*** Block opens ***
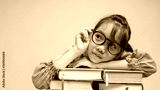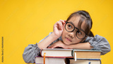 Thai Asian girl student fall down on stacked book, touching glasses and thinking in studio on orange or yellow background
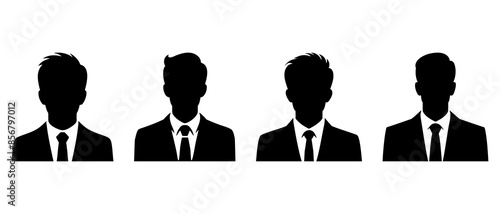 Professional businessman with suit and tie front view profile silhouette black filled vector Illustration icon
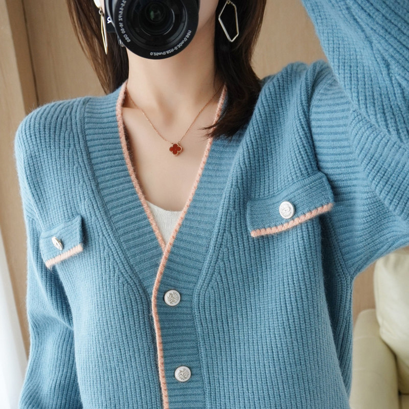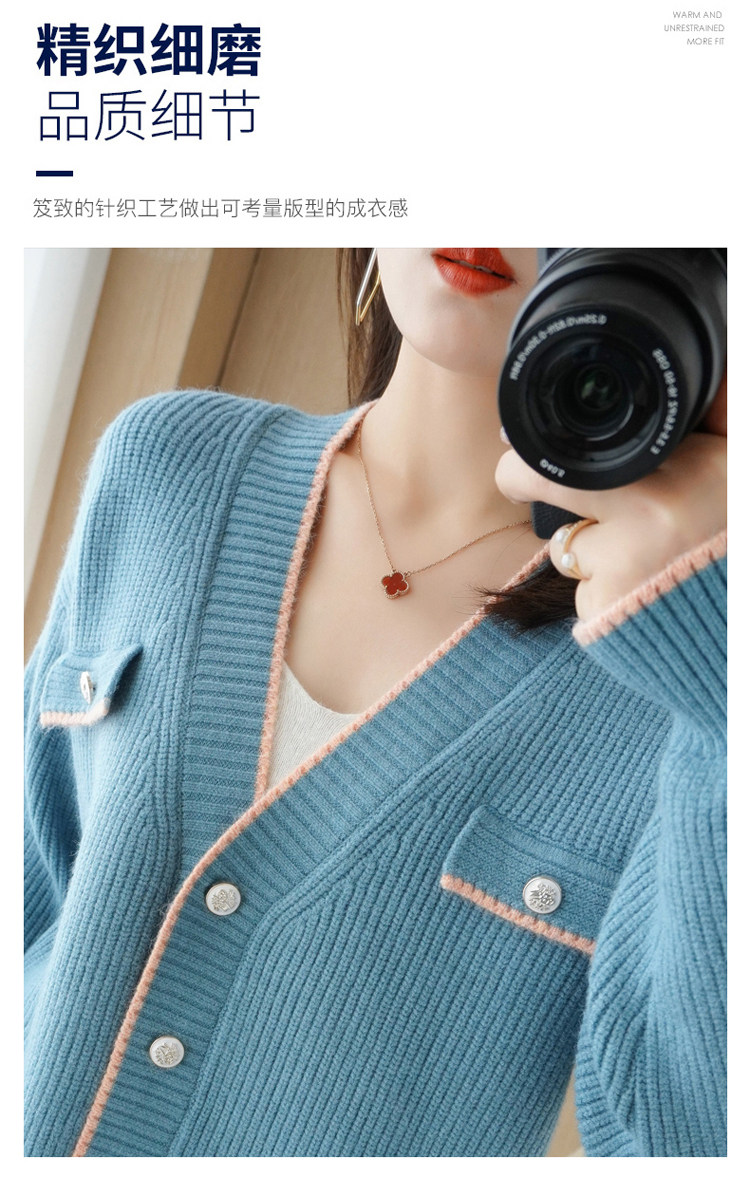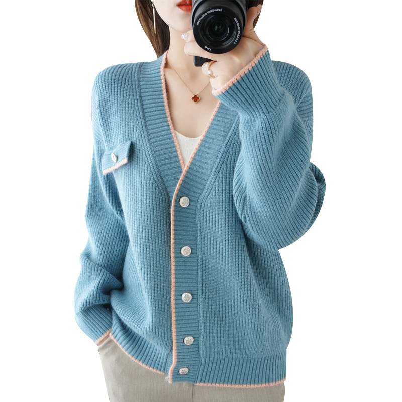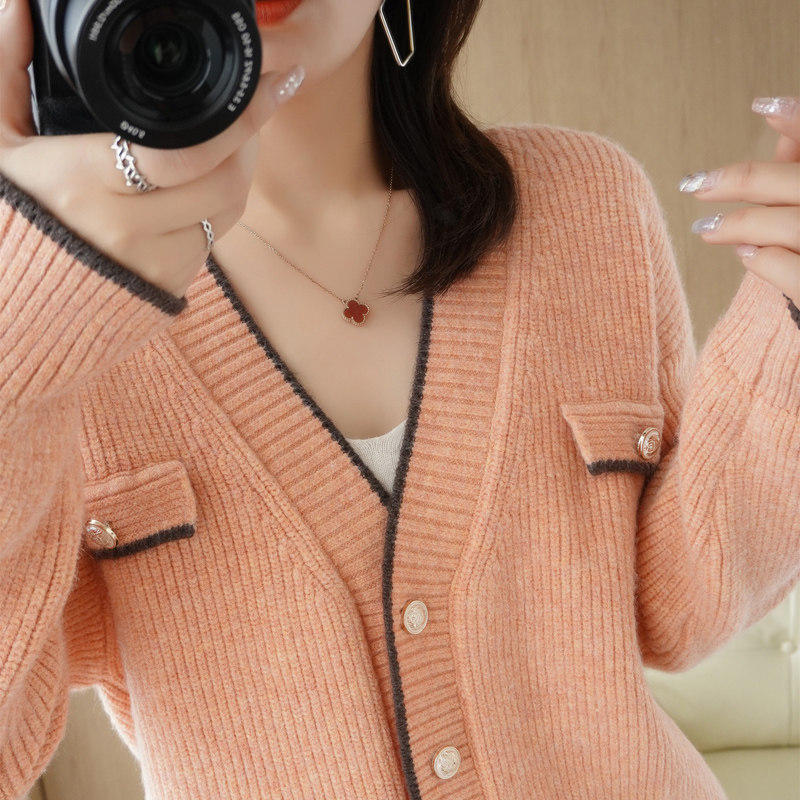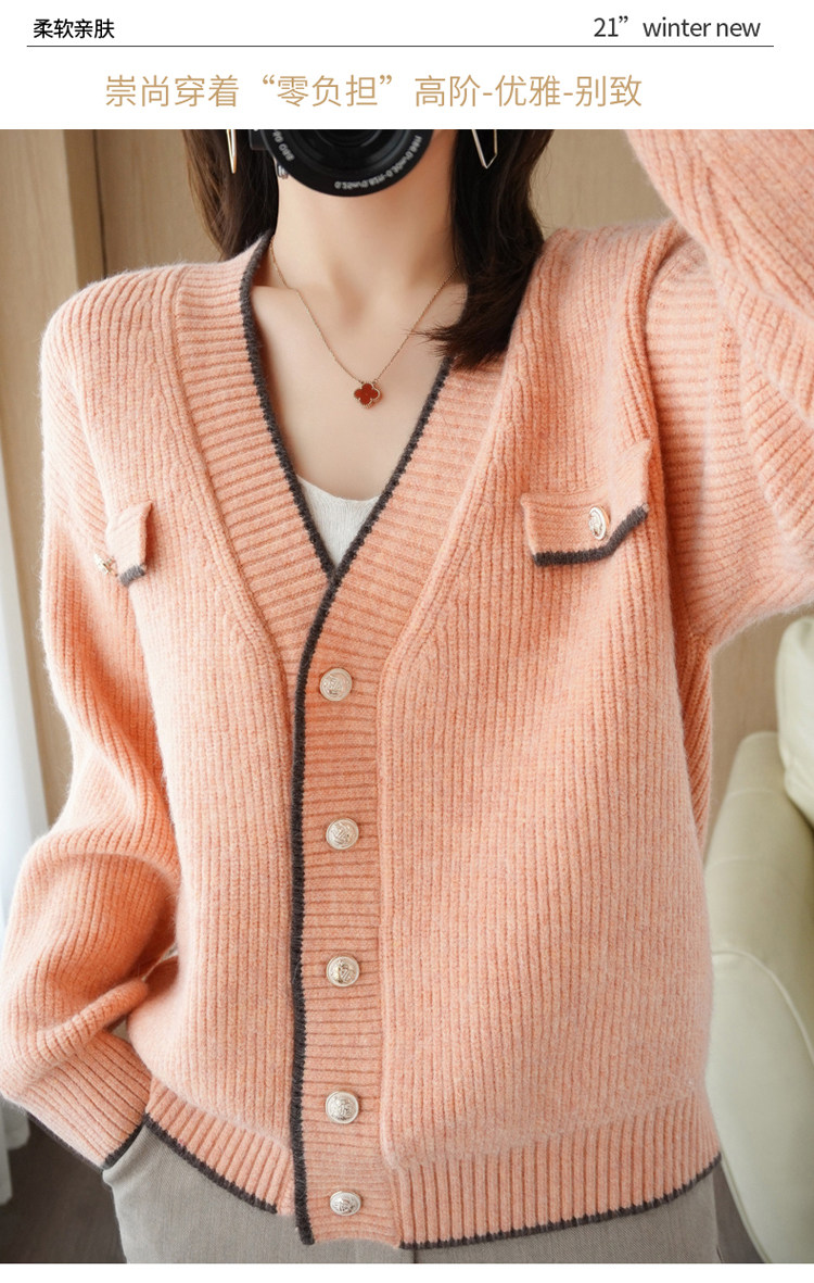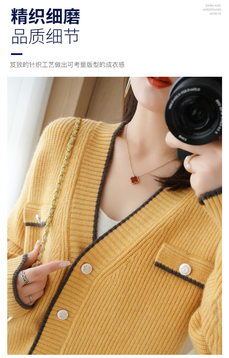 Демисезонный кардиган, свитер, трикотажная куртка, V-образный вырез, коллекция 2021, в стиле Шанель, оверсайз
*** Block closes ***
● Task
Return exactly the lines of the data, beginning with the first and ending with the line containing "Professional businessman with". Skip the pictures.

● Finished exercise
 Thai Asian girl student fall down on stacked book, touching glasses and thinking in studio on orange or yellow background
 Professional businessman with suit and tie front view profile silhouette black filled vector Illustration icon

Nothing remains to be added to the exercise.